• Material provided
▬▬▬▬▬▬
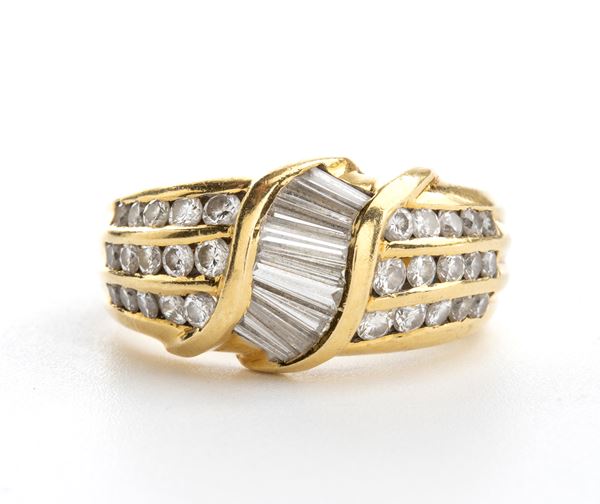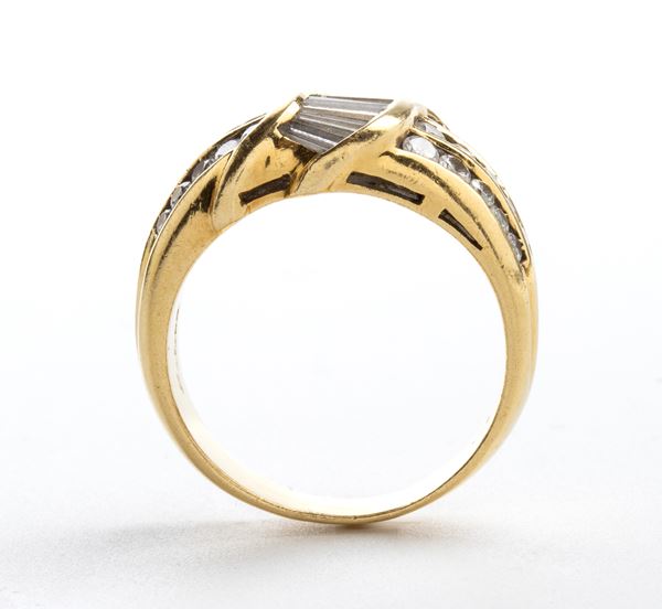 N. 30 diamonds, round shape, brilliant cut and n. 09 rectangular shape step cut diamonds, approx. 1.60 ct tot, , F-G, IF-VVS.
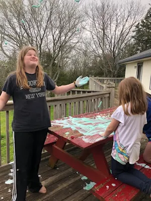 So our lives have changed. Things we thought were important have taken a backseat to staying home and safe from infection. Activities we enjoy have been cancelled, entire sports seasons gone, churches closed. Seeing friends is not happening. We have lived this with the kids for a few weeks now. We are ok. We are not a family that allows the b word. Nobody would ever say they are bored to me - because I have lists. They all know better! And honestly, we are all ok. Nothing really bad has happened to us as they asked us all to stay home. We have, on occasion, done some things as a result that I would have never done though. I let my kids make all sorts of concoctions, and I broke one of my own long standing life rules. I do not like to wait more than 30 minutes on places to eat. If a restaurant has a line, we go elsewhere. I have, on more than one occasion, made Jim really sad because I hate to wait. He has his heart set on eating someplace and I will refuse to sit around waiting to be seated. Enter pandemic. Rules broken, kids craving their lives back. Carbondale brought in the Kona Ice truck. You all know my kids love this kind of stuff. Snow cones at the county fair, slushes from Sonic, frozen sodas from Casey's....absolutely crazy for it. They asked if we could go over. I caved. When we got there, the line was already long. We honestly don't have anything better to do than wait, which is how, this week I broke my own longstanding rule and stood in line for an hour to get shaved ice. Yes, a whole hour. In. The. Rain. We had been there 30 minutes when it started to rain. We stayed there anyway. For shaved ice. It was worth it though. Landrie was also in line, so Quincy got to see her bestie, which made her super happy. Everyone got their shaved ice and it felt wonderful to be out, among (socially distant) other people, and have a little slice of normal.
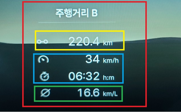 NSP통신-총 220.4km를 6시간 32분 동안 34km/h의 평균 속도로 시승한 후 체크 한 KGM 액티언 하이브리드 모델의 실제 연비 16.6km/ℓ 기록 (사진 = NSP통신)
▬▬▬▬▬▬
• Activity
Output the material verbatim, skipping the images.

• Solution
 N. 30 diamonds, round shape, brilliant cut and n. 09 rectangular shape step cut diamonds, approx. 1.60 ct tot, , F-G, IF-VVS.
 So our lives have changed. Things we thought were important have taken a backseat to staying home and safe from infection. Activities we enjoy have been cancelled, entire sports seasons gone, churches closed. Seeing friends is not happening. We have lived this with the kids for a few weeks now. We are ok. We are not a family that allows the b word. Nobody would ever say they are bored to me - because I have lists. They all know better! And honestly, we are all ok. Nothing really bad has happened to us as they asked us all to stay home. We have, on occasion, done some things as a result that I would have never done though. I let my kids make all sorts of concoctions, and I broke one of my own long standing life rules. I do not like to wait more than 30 minutes on places to eat. If a restaurant has a line, we go elsewhere. I have, on more than one occasion, made Jim really sad because I hate to wait. He has his heart set on eating someplace and I will refuse to sit around waiting to be seated. Enter pandemic. Rules broken, kids craving their lives back. Carbondale brought in the Kona Ice truck. You all know my kids love this kind of stuff. Snow cones at the county fair, slushes from Sonic, frozen sodas from Casey's....absolutely crazy for it. They asked if we could go over. I caved. When we got there, the line was already long. We honestly don't have anything better to do than wait, which is how, this week I broke my own longstanding rule and stood in line for an hour to get shaved ice. Yes, a whole hour. In. The. Rain. We had been there 30 minutes when it started to rain. We stayed there anyway. For shaved ice. It was worth it though. Landrie was also in line, so Quincy got to see her bestie, which made her super happy. Everyone got their shaved ice and it felt wonderful to be out, among (socially distant) other people, and have a little slice of normal.
 NSP통신-총 220.4km를 6시간 32분 동안 34km/h의 평균 속도로 시승한 후 체크 한 KGM 액티언 하이브리드 모델의 실제 연비 16.6km/ℓ 기록 (사진 = NSP통신)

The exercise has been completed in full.